The Dictionary of American Biography by Scribner had the following
"...merchant and philanthropist, was born in Jefferson County, Tenn.; he was the son of Shadrach W. and Jane Martin (Hamilton) Inman, and the brother of John Hamilton Inman. His father was a properous lerchant and planter, while his mother seems to have been a woman of unusual strength of character. Young Inman's early life was spent upon his father's plantation until he entered Maryville College. In the autumn of 1860 he entered the sophomore class at Princeton, but left the following April to join the Confederate Army, enlisting as a private in the lst TN Cavalry, and ending as a Lieutenant on staff duty. In 1886 he received the honorary degree of A. M. from Princeton. After the close of the war he worked in Augusta, GA, for a year or more, and, in 1867, with his father, opened a cotton office in Atlanta, which was to be his home until his death. The father returned to Tennessee in 1870, but the business was continued as S. M. Inman & Co. The firm prospered and became one of the largest dealers in cotton in the world, with several branch offices in different parts of the South. In 1896 Inman retired from active direction of the business, but continued to give some
attention to various financial and industrial enterprises. He was one of the organizers and was also a directory of the Southern Railway, the yards of which in Atlanta are named for him. He was directory of the Equitable Life Assurance Society, of the Atlanta Constitution, and of several banks.

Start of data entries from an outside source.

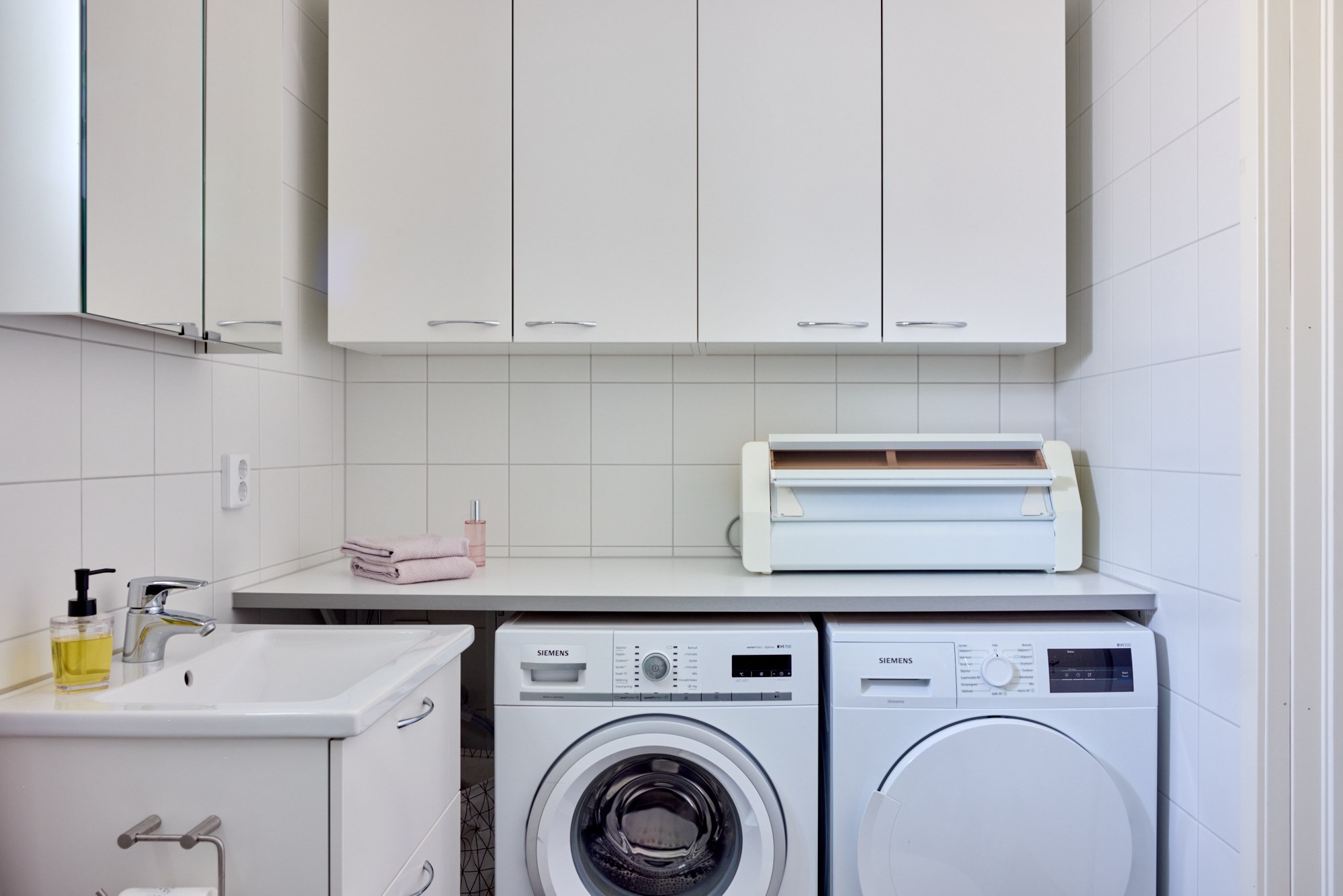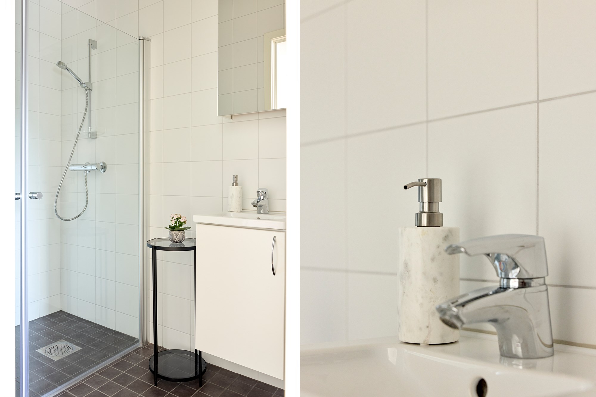 Helkaklat badrum. Grått klinker till golv och vita kaklade väggar. Utrustad med WC, handfat med vit kommod, spegelskåp, dusch, handdukstork, tvättmaskin och torktumlare.
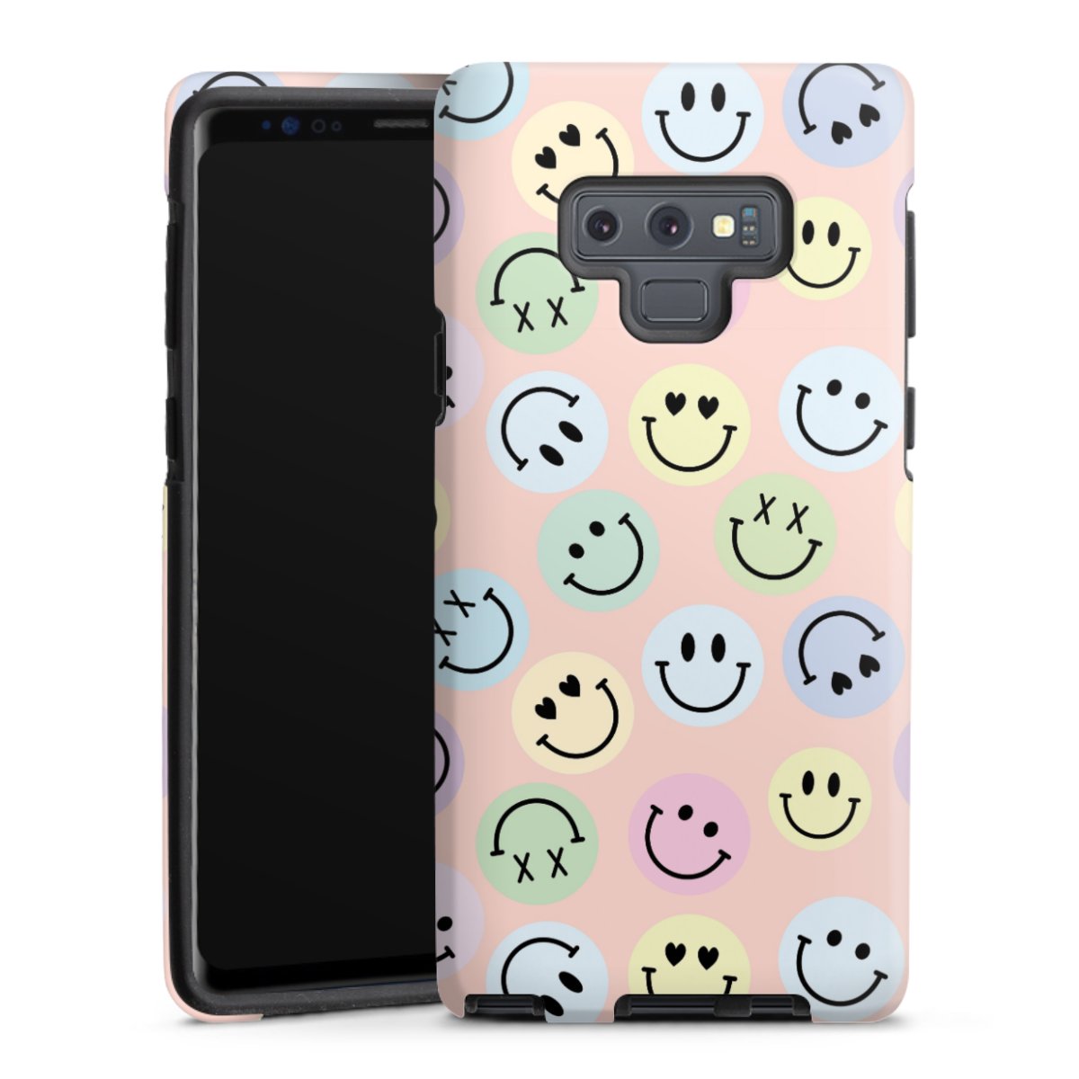 Bei dieser Handyhülle nutzen wird den besonders langlebigen Sublimationsdruck. Dieses raffinierte Druckverfahren sticht durch sein hochwertiges, gestochen scharfes Druckbild in brillanten Farben hervor. Der Druckbereich umfasst die ganze Hartschale inklusive der Ecken und Kanten, lediglich der Silikon-Einleger bleibt einfarbig schwarz. Wähle für Dein Design entweder eines unserer exklusiven Shop-Motive, oder werde kreativ und gestalte Dein Wunschdesign zum Beispiel mit Fotos und Overlays selbst.
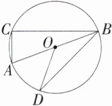 2.「2024山东泰安中考」如图,AB是⊙O的直径,C,D是⊙O上两点,BA平分∠CBD,若∠AOD= 50°,则∠A的度数为(
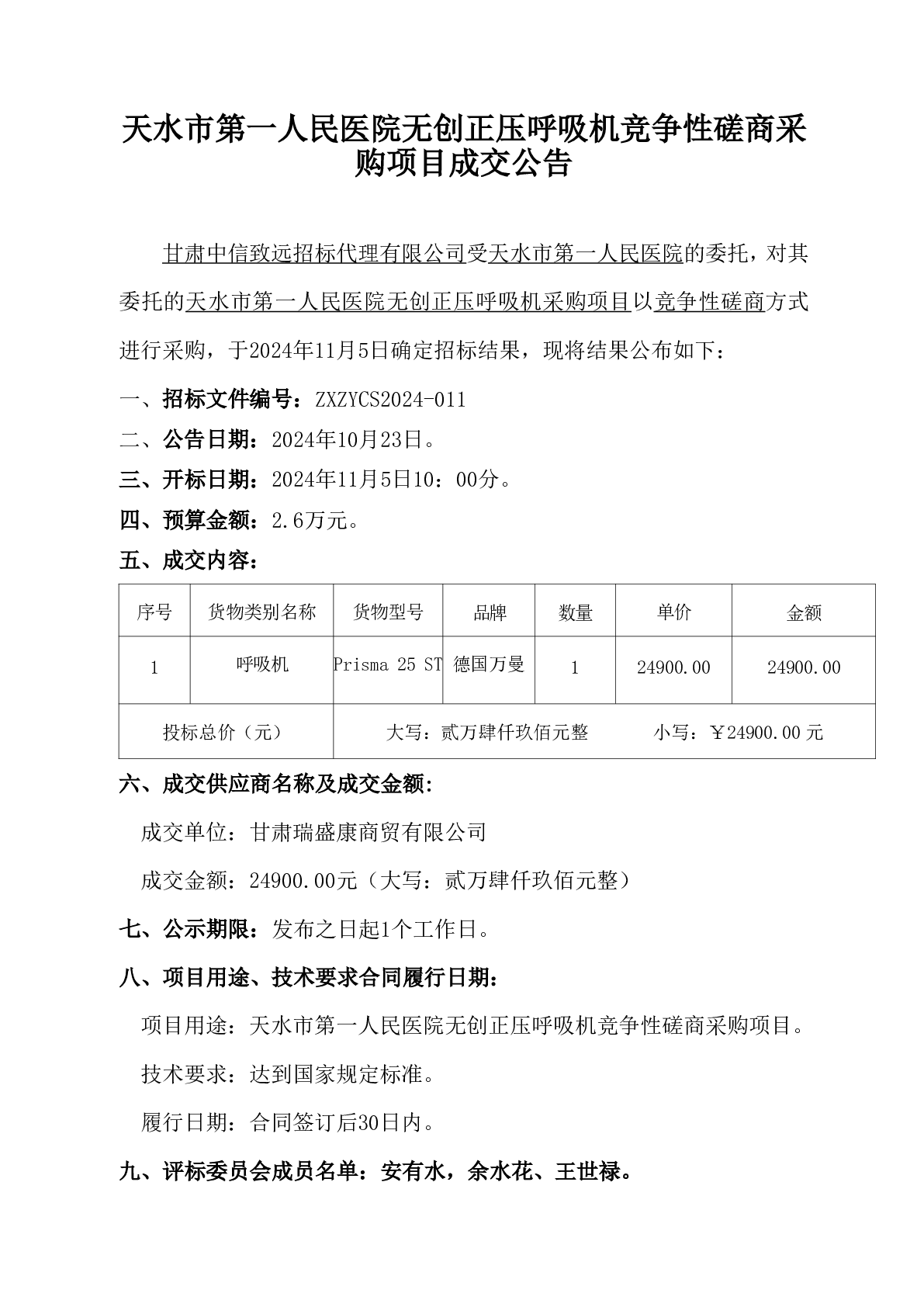 天水市第一人民医院无创正压呼吸机竞争性磋商采购项目成交公告

He was a close friend and trusted advisor of President Samuel Spencer of the Southern Railway, and of Henry W. Grady, the gifted editor of the Constitution. Earlier he had been financially interested in some of the enterprises of his brother, John Hamilton Inman, to whom sound judgement
had been valuable.
"While still engaged in active business, he found time to work fir the welfare of his city and section. He was treasurer of the International Cotton Exposition held in Atlanta in 1881, and backed it up when failure seemed certain. He also made possible the opening of the Cotton States and
International Exposition in Atlanta in 1895. After his retirement he gave more and more of his time to civic duties, and, though from choice he never held any public office, he was universally acclaimed the "first citizen of Atlanta." He was influential in founding the Georgia School of Technology, to which he contributed largely in money and time, serving as president of the board of trustees; he gave liberally to Agnes Scott Institute (now Agnes Scott College) and through his example interested others. He made donations to Oglethorpe and Emory universities, and was a member of the committee to choose Rhodes scholars for Georgia. He was prominent in the agitation which led to increased appropriations for public schools and the establishment of agricultural high schools. In fact, he allowed hardly an appeal for any educational, religious, or benevolent object to go unheeded. He is known to have given away more than a million dollars in his lifetime, and the total of his benefactions was probably much greater. He was for many years an elder in the First Presbyterian Church of Atlanta. The Samuel M. Inman School in that city, erected in 1893-94, was named in his honor. On the day of his funeral courts and schools were closed and business was almost suspended. His sister, Jane W. Inman, left her property, amounting to about $150,000, to Agnes Scott College as a memorial to her brother. Inman was twice married: first, Feb. 19, 1868, to Jennie Dick of Rome, Ga., who died in 1890; and, second, Dec. 12, 1892, to Mildred McPheeters, daughter of Alexander M. McPheeters of Raliegh, N. C., who, with three children of the first marriage, survived him."